Each line below needs to be returned exactly. Skip any picture.

--- STORED DATA ---

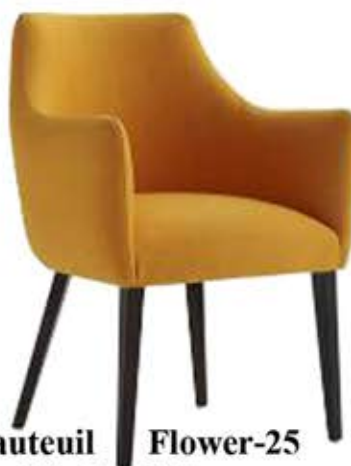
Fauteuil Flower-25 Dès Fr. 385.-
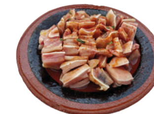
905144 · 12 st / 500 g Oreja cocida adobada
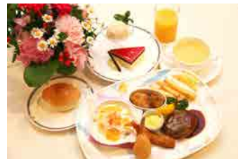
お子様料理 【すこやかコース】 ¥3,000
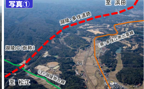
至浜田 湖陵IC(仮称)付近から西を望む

---

### RESPONSE
Fauteuil Flower-25 Dès Fr. 385.-
905144 · 12 st / 500 g Oreja cocida adobada
お子様料理 【すこやかコース】 ¥3,000
至浜田 湖陵IC(仮称)付近から西を望む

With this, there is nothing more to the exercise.